There are many ways to optimize Metal graphics code for maximum performance. Here’s how to start getting your code in better shape for the Metal platform.
Apple GPU architecture
Apple GPUs are tile-based deferred renderers, which means they use two main stages: tiling and rendering. The general rendering pipeline is shown below.
You can think of these two phases as one where the geometry is calculated and created, and another where all the pixels are rendered.
Advertisement
In most modern Apple GPU software, geometry is calculated and divided into meshes and polygons, and then converted into a pixel image, one image per frame.
Modern Apple GPUs have specific subsections in each core that handle shaders, textures, pixel processing, and dedicated tile memory. Each core uses these four regions during rendering.
Each frame is rendered using multiple passes, running on multiple GPU cores, with each core handling multiple tasks. In general, the more cores, the better the performance.
GPU Counters
GPU counters are used to measure this performance.
GPU counters monitor the load on each GPU and determine whether each one is doing enough work or not enough. They also find performance bottlenecks.
Finally, GPU counters optimize the commands that take the longest to improve performance.
There are over one hundred and fifty types of Apple GPU performance counters, and they are all beyond the scope of this article.
There is a problem understanding all the performance counter data. To do this, you use the Metal System Trace and Metal Debugger built into Xcode and Instruments.
There are four Metal GPU counters that include important ways to optimize Metal in your applications and games. They are:
Performance Limiters. Memory bandwidth occupied. Removing hidden surfaces.
Performance limiters, or limiter counters, measure the activity of multiple GPU subsystems, detecting work being done and detecting latencies that may be blocking or slowing parallel execution.
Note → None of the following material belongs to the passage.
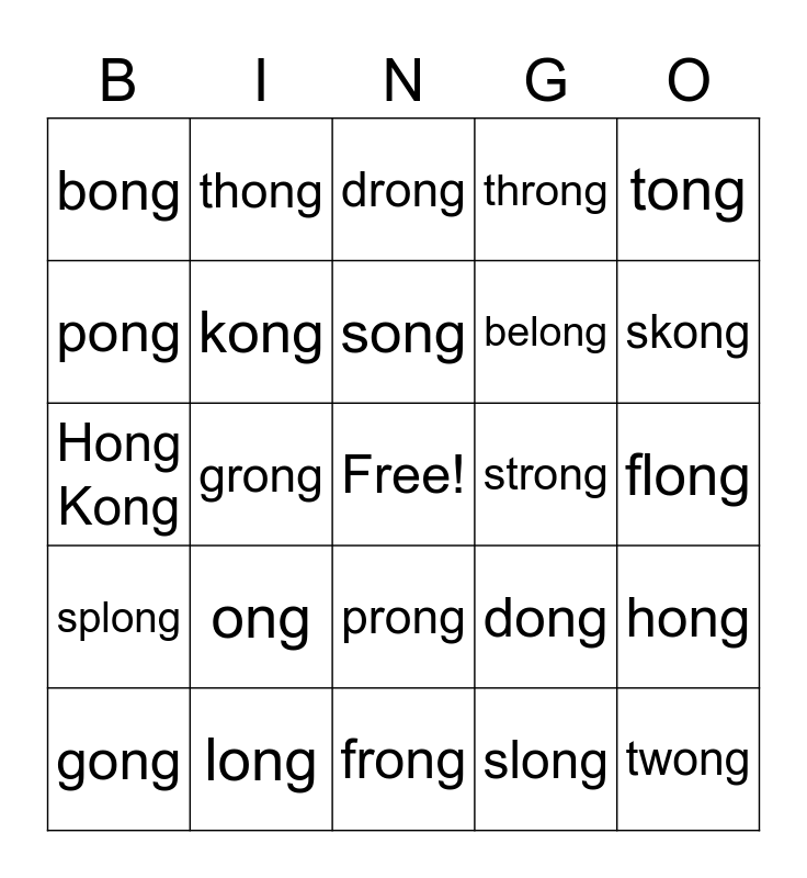 This bingo card has a free space and 24 words: ong, long, song, gong, tong, bong, pong, thong, strong, prong, belong, Hong Kong, dong, hong, kong, slong, flong, drong, skong, grong, twong, splong, throng and frong.

Modern GPUs perform math, memory, and rasterization in parallel (at the same time). Performance limiters help you identify performance bottlenecks that are slowing down your code.
You can use the Apple Instruments app to use performance limiters to optimize your code. Instruments has half a dozen different performance limiters.
Apple Instruments app.
Memory Bandwidth Counters
GPU memory bandwidth counters measure data transfer between the GPU and system memory. The GPU accesses system memory whenever buffers or textures are accessed.
But keep in mind that system-level caches can also be activated, meaning that you may sometimes notice small bursts of higher memory bandwidth than the actual DRAM transfer speed. This is fine.
If you see the memory bandwidth counter with a high value, it probably means that transfers are slowing down rendering. To eliminate these bottlenecks, you can do several things.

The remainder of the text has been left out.